From the 3rd issue of Vidimus onwards, articles about St Thomas Becket have made regular appearances in our pages, whether as features, book reviews or news items (see Vidimus 03). This year may see others, as numerous events are set to be held in the UK to commemorate what has been called ‘one of the most shocking crimes in European history’. These include a range of exhibitions, conferences and lectures as well as plays, film screenings and religious services. [Fig 1]
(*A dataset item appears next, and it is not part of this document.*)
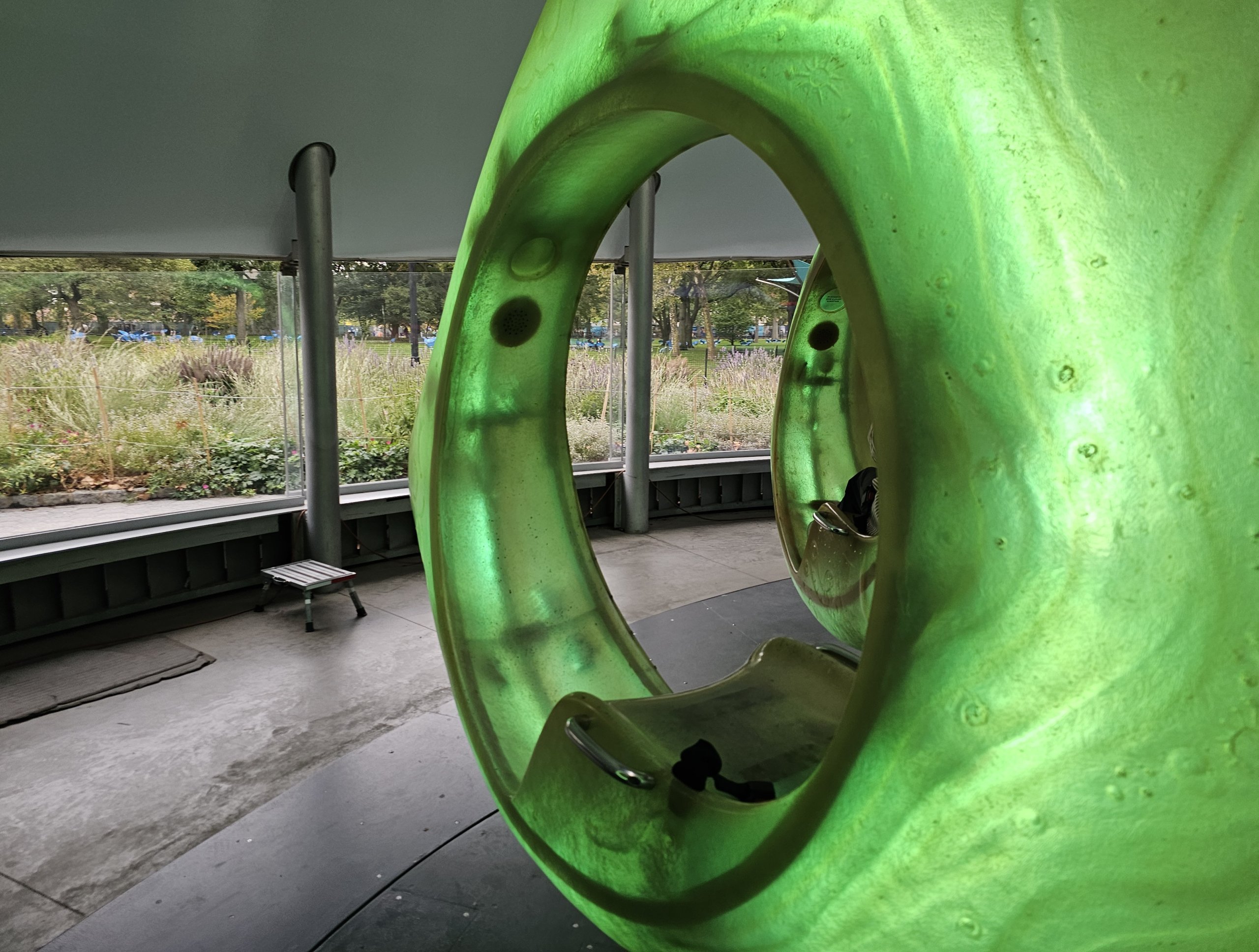 SeaGlass Design Carousel, Manhattan'ın güneyindeki Battery Park 'ta, Özgürlük Heykeli tekne iskelesinin yakınında yer almaktadır.

Perhaps the largest and most significant exhibition will open in October at The British Museum in London. It will showcase more than 100 objects associated with the murdered archbishop, including manuscripts, jewellery, sculpture, stained glass and paintings. The exhibition will feature loans from around the world, as well as artefacts from the museum’s collection such as caskets made in Limoges (France) in about 1200 to hold relics of the saint (see: https://www.britishmuseum.org/exhibitions/thomas-becket).
Also in the capital, The Museum of London will display a selection from its collection of Becket-related pilgrim badges. For over 300 years, Londoners flocked to Becket’s shrine in Canterbury often returning with a badge as a keepsake. The Museum of London will use a range of examples to illustrate Becket’s extraordinary life and his connections to the capital. Visitors will be encouraged to undertake their own mini-pilgrimage through the Museum’s Medieval London Gallery from 14 February to October 2020.
There will also be a number of events in Canterbury itself as part of a conservation, education and interpretation project at the Cathedral (completion 2021). These will include a major international conference, see: https://becket2020.com/event/1 .
Frederick Preedy Remembered
2020 also sees the 200th anniversary of the birth of Frederick Preedy (1820-1898), a prolific nineteenth-century stained glass designer and church architect who is thought to have been responsible for about four hundred figurative windows over a thirty-four year period. Major commissions included work in Worcester Cathedral, Gloucester Cathedral, Lincoln Cathedral and Ely Cathedral.
Preedy was born in Offenham near Evesham in Worcestershire, the son of a prominent local hosier. He trained as an architect in Worcester with the local firm of Harvey Eginton before setting up his own architectural practice in the same city in 1849. In 1852 he was elected a member of the Ecclesiological Society which championed gothic architecture; particularly the early 14th century early decorated style and many of his windows often imitated medieval designs.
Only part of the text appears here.